Profiling metabolic and bioenergetic properties of 3D tumor microtissues (LB171)

Abstract

Cellular metabolism and bioenergetics processes are increasingly recognized as critical regulators in the pathogenesis of cancers. Metabolic activity and bioenergetic processes are often characterized using typical 2 dimensional (2D) adherent cell culture systems; however, this approach lacks the 3 dimensional (3D) context and heterogeneity of tumor tissue in vivo, which may have significant effects on metabolic and bioenergetic behavior. A novel and more physiologically relevant model is the use of microtissues (also known as spheroids). Metabolic activity and bioenergetic function were accessed in individual cancer cell line microtissues using a newly designed 96‐well plate for the Seahorse Bioscience XFe96 Extracellular Flux Analyzer. Mitochondrial and glycolytic functions were determined simultaneously using the Cell Mito Stress and Glycolytic Stress Tests, respectively. Several parameters, including: seeding density, microtissue size, and substrate identity and availability were investigated. Further, the potential of the microtissues to switch bioenergetic pathways was determined by stimulating maximal respiration (OCR) and maximal extracellular acidification rate (ECAR).

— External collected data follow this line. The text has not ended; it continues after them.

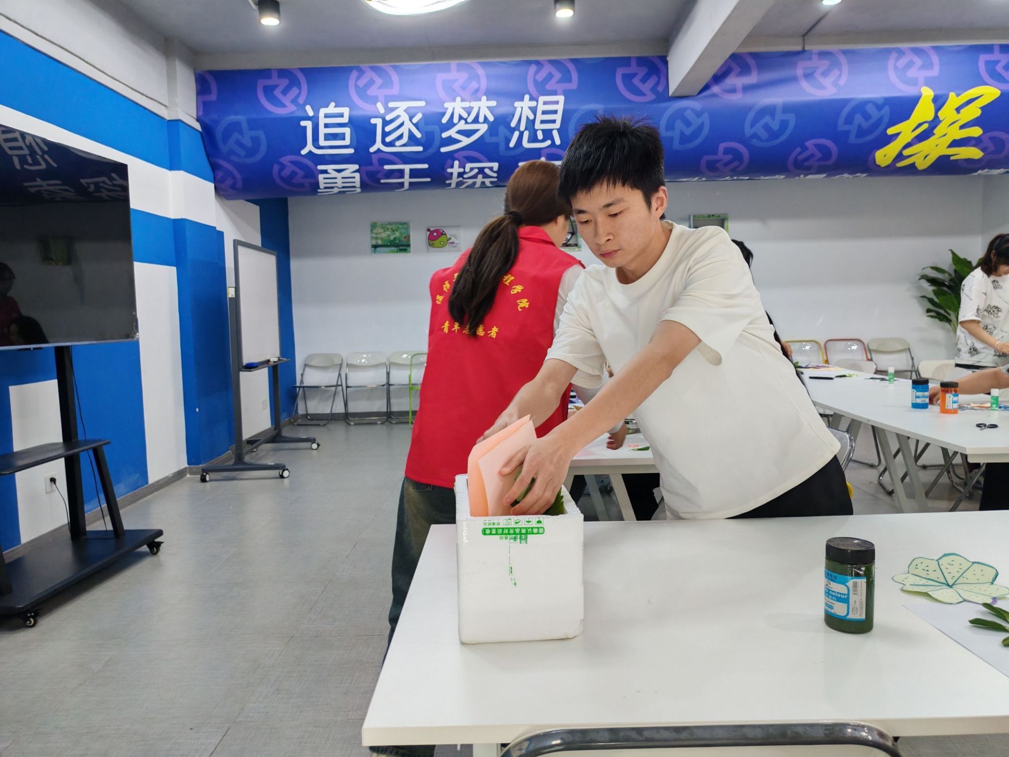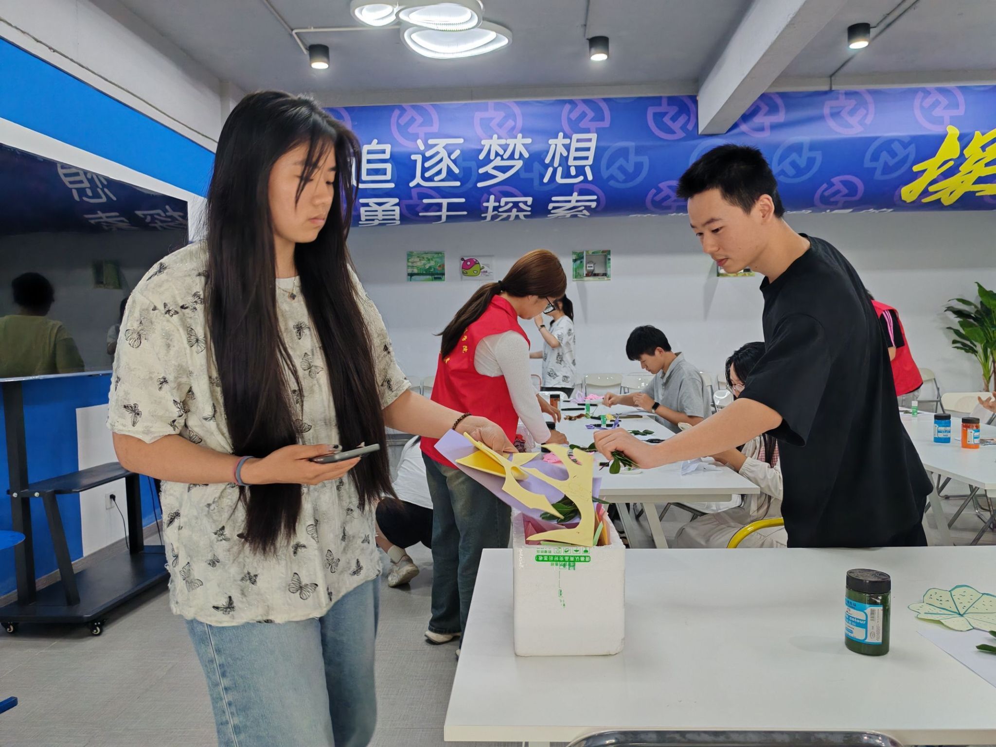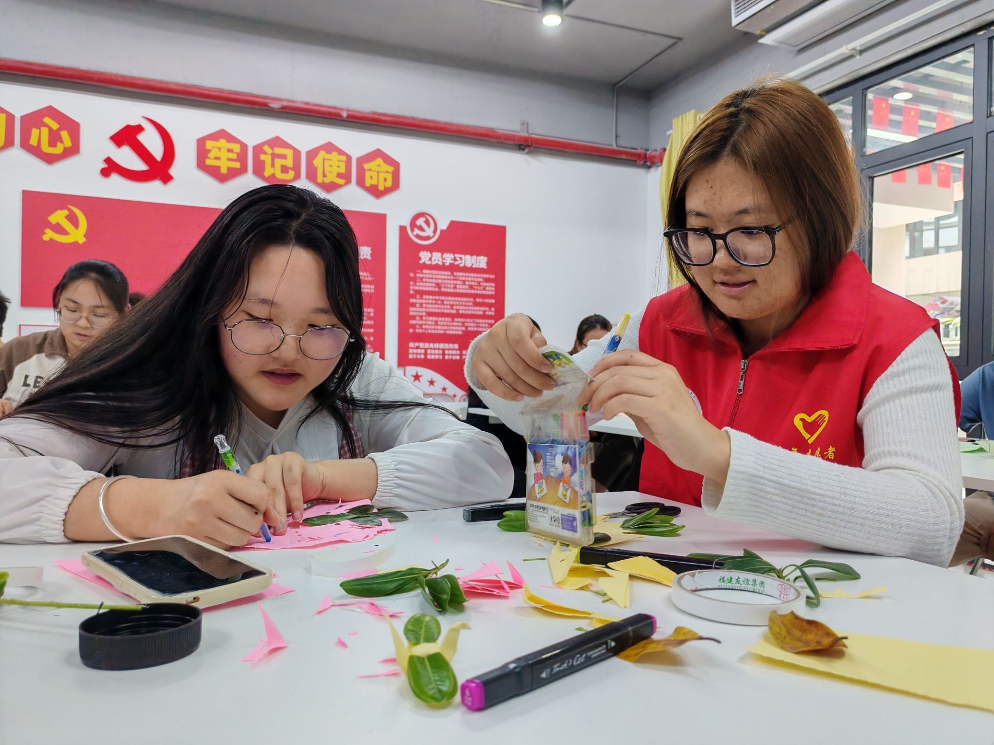 紧接着,志愿者为大家分发废弃树叶,让大家根据树叶的形状和颜色,对废弃树叶进行改造,在纸上进行构思。有人创作拼贴画,有人用颜料写下环保标语,勾勒出独特的环保画卷。志愿者们协助搭配颜料,大家都积极分享自己的创作思路与对环保的理解,现场气氛热烈。
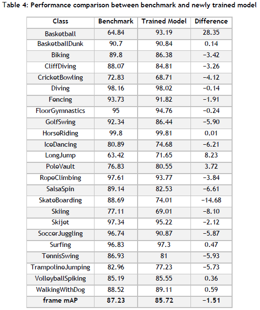 A summary of a performance comparison between the benchmark and trained models is presented in Table 4. The performance achieved by the CV-HART model is similar to that of the benchmark model; the overall performance is only 1.51% inferior. Eight of the 24 classes show an increase in AP: the LongJump and Basketball classes show significant increases of 8.23% and 23.35% respectively. The other 16 classes, however, experience a reduction in performance, eight instances of which correspond to a reduction larger than 5%. The largest reductions occur in the Skiing and SkateBoarding classes - i.e., 8.10% and 14.68% respectively. The performance differences are not entirely unexpected, as the original authors did not provide their random seeds for model weight initialisation. Overall, performance is mostly similar, and therefore further empirical proof of verification is demonstrated.
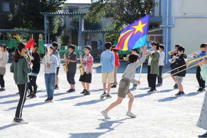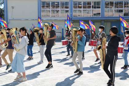 6年生音楽の様子です。鼓笛の全体練習です。動きながらの練習は難しそうですが、みんな頑張っています。
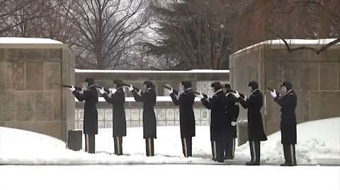 Soldiers of The Old Guard continue their duties in Arlington National Cemetery in the midst of Winter Storm Pax.
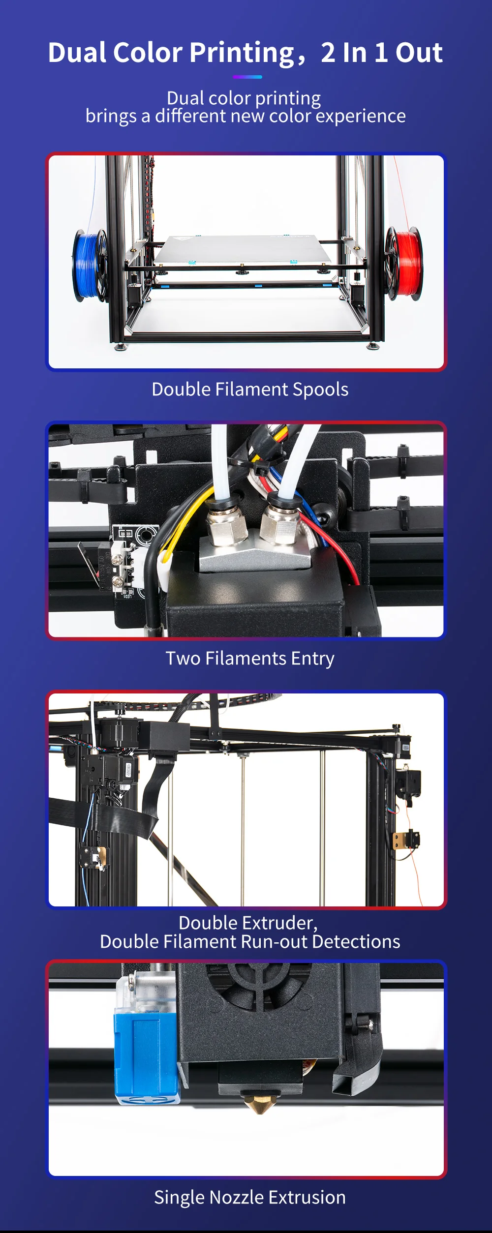 Размер печати: 500*500*600 ммДвойная цветная печать
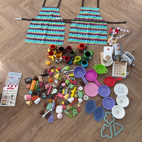 Dette legekøkkensæt indeholder en række plastikmadvarer, herunder pizza, hamburger, æg, grøntsager som gulerod og salat, diverse frugter som banan og appelsin, og drikkevarer som sodavandsflasker og vandflaske. Der medfølger også diverse køkkenredskaber som tallerkner, knive, gafler og en stegepande samt en orange indkøbskurv. Legekøkkensæt er ideelt til rollespil og kreativ leg for børn.
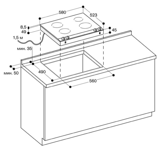 - Габариты ниши для встраивания (ШхГ): 560х490 мм
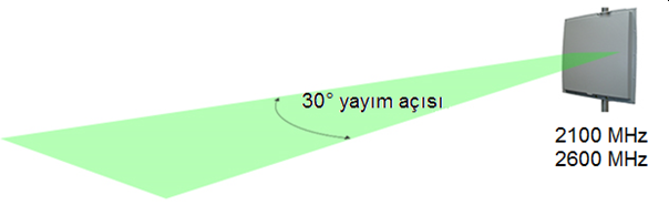 2100MHz ve 2600MHz anten 30 derecelik bir ışın yayım açısına (genişliğine) sahiptir ve daha yüksek kazançlıdır.
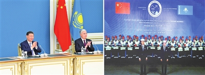 当地时间7月3日中午,国家主席习近平同哈萨克斯坦总统托卡耶夫在阿斯塔纳总统府以视频方式共同出席中欧跨里海直达快运开通仪式(拼版照片)。
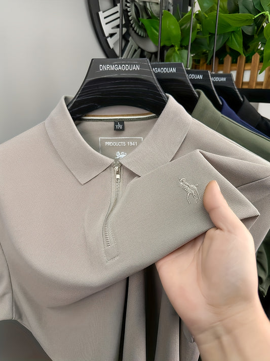 [T-Shirt] Men's Summer Casual Short Sleeve T-Shirt - Breathable Mesh Crew Neck Henley Style Zip Placket, Breathable Fabric, Dry Cleanable Regular Fit Outdoor & Casual Attire, Loose Style, Zip Front Design, Easy Care, Zip Shir
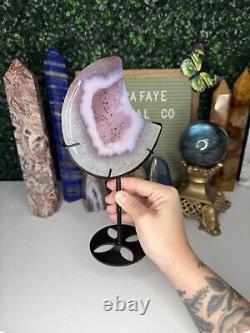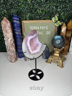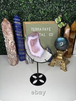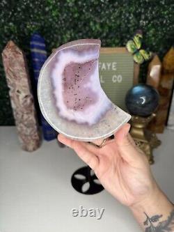 Chaque cristal d'agate est une œuvre d'art unique, présentant ses propres motifs et variations envoûtants. Des tranches polies aux pièces de bijoux vibrantes, l'attrait de l'agate captive l'œil et ajoute une touche de beauté naturelle à tout environnement. Que ce soit dans la méditation, placée dans votre espace de vie ou portée comme un talisman protecteur, l'agate rayonne son énergie transformante, inspirant équilibre, protection et énergie positive.

Comparisons of microtissues to typical 2D adherent cell cultures were also performed. Initial comparative data are consistent with a shift from the highly proliferative nature of 2D cultures to a physiological 3D model where growth and metabolic properties of the cell are balanced. Technical aspects of this assay system and implications of this work for future studies in cancer biology will be discussed.